Abstract
In a recent study, Wang et al. (J Neurophysiol 113: 1989–2001, 2015) used a precision grip force control task to unveil the contribution of feedforward and feedback mechanisms to sensorimotor dysfunction in autism spectrum disorder (ASD). Impairment of both motor control mechanisms was observed, along with significant variability in the motor response. In this Neuro Forum article we discuss these findings within the conceptual framework of the grasping circuit and within the broader context of clinical and research applications based on motor behavior.
Keywords: autism spectrum disorder, basal ganglia, cerebellum, motor signature, motor variability
research on autism spectrum disorder (ASD) has traditionally focused on the core problems of social and communication skills weaknesses. However, sensorimotor abnormalities are almost omnipresent in ASD (De Jong et al. 2011), even in individuals without global delays or intellectual disability, and occur extremely early during development (i.e., as early as infancy). Furthermore, anomalous motor behavior robustly correlates with measures of social and communicative function, suggesting a relationship between sociocommunicative deficits and impaired motor development, in at least some individuals. Altogether, these features make the study of the sensorimotor system an ideal candidate for the discovery of new intermediate phenotypes, facilitating earlier detection of ASD, and identifying the neural basis contributing to the disorder. In this article we comment on a recent study by Wang et al. (2015), which found abnormalities associated with precision grip in children and adolescents with ASD. We frame these findings in the broader context of the ASD motor literature, discuss possible neural mechanisms accounting for motor differences, and discuss potential clinical and research applications arising from the study of motor behavior in ASD.
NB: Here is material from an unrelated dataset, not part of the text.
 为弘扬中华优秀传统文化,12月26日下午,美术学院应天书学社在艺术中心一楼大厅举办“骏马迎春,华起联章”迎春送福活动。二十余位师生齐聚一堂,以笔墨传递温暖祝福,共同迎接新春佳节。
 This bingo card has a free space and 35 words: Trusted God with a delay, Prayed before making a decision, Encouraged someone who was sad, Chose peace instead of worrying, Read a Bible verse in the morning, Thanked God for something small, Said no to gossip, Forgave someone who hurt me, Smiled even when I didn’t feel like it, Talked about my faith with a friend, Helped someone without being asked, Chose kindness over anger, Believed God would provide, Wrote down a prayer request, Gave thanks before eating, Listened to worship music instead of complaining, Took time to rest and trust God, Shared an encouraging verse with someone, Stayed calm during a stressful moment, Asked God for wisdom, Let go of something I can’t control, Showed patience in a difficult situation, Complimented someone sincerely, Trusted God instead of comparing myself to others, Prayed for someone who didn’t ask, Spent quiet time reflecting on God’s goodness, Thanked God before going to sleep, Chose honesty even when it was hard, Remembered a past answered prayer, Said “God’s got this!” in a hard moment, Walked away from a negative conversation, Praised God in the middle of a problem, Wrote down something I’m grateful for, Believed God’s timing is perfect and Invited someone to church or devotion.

Motor Features in ASD: the Centrality of Variability
Some aspects of the motor phenotype in ASD are clear and easily observed clinically (e.g., low muscle tone). In these cases the intrinsic variability of motor phenomena does not prevent its identification. However, more and more often the literature suggests that there is a range of subtle motor features that are highly influenced by within- and between-trial variability and that are, for this reason, hard to detect “by the naked eye.” Such behaviors are to be operationalized into quantifiable tasks that are 1) sufficiently easy so that they can be completed by individuals with a range of ages and levels of functioning, 2) not susceptible to ceiling effects, and 3) able to capture the intrinsic variability of the musculoskeletal system involved in action execution.
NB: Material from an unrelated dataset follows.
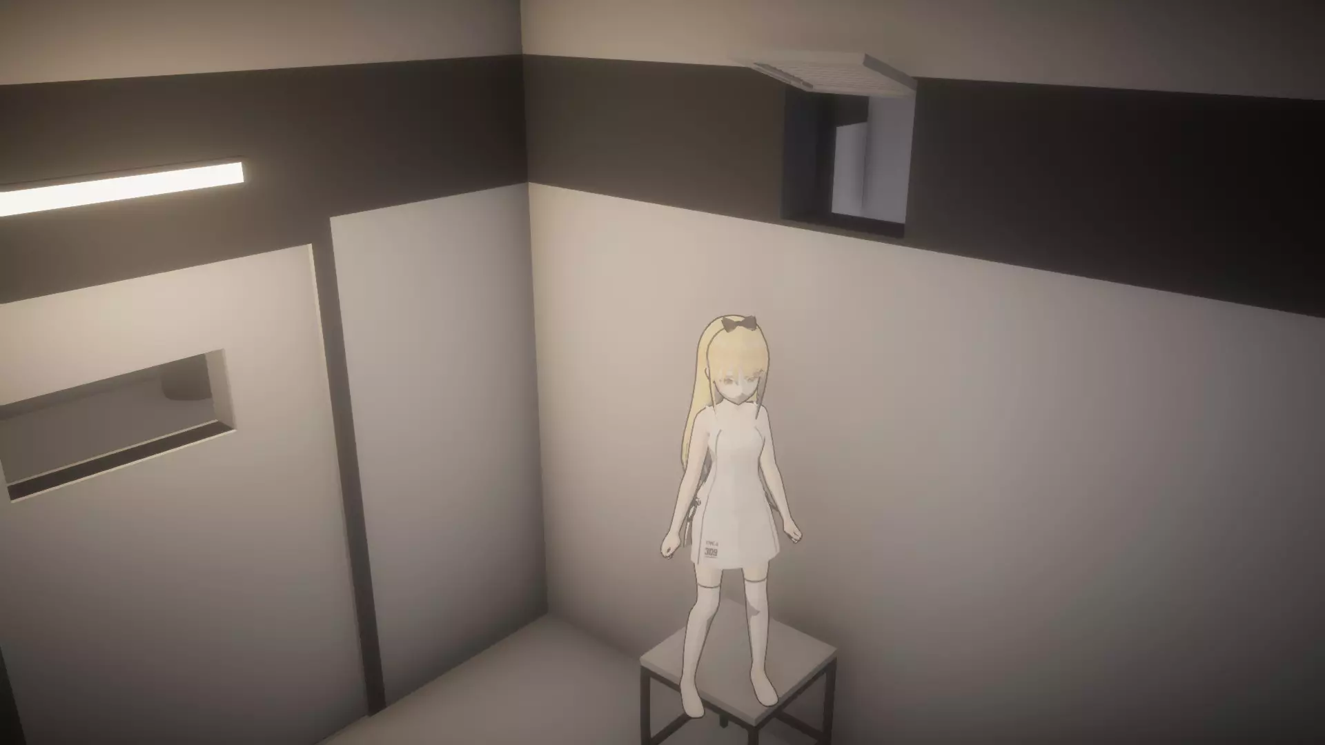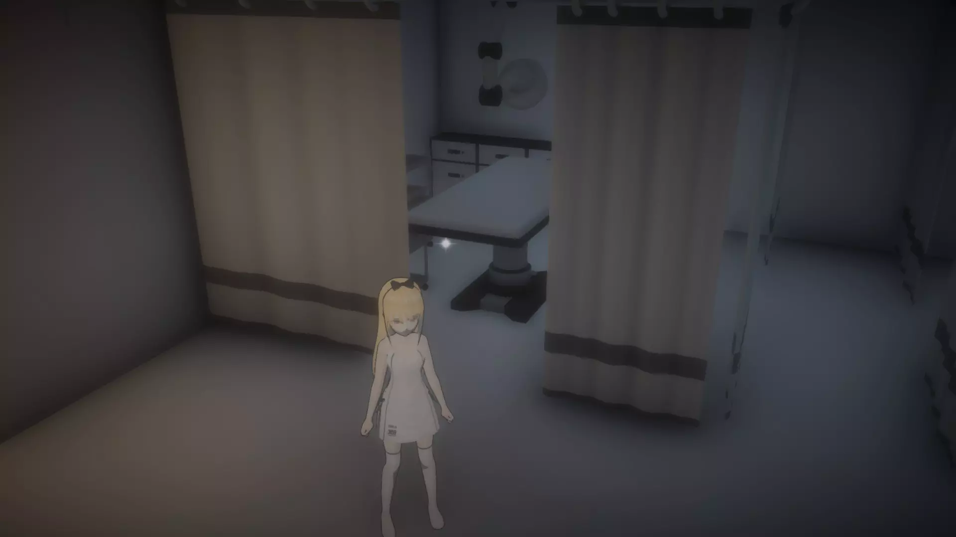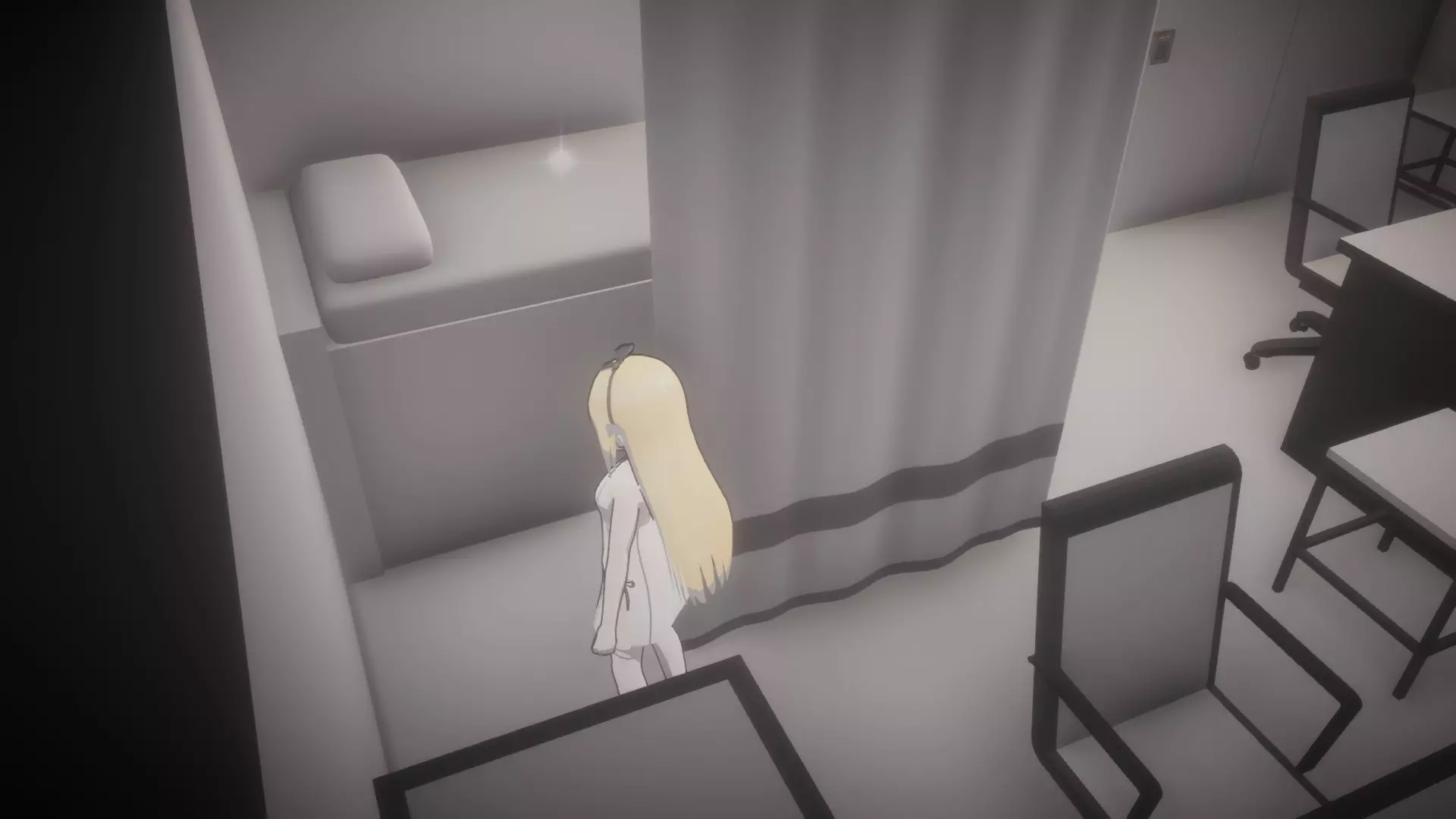使用椅子爬过通风口进入下一个房间(椅子在截图中窗帘后面的左侧)

In a recent study, Wang et al. (2015) succeeded in identifying such a basic yet informative task in the form of a precision grip force control (PGFC) task. Children with and without ASD (ages 5–15 yr old) used their thumb and index finger to push together two blocks (technically, computer-controlled load cells) as they watched two feedback bars on a computer monitor. As participants squeezed the cells, the bars aligned; the goal of the task was to align them perfectly. Thus participants needed to attend to feedback from both visual (i.e., the bars on the computer screen) and proprioceptive modalities (i.e., strength of precision grip) to execute the task. Participants completed the task in a two by three design, which varied by time of maintenance of the precision grip (2 s vs. 8 s) and opposing resistance (15% vs. 45% vs. 85% of maximum voluntary contraction; i.e., the hardest participants could squeeze the load cells). Findings from this simple PGFC task provide insights into at least two phenomena: 1) the differential contribution of feedforward mechanisms involved in the production of initial open-loop force based on an inverse model constructed implicitly, and 2) reactive or feedback mechanisms involved in the controlling of a sustained action. In other words, Wang et al. shed light on the mechanisms contributing to the reduced control of initial motor output in ASD, which so far have been very controversial (Gowen and Hamilton 2013).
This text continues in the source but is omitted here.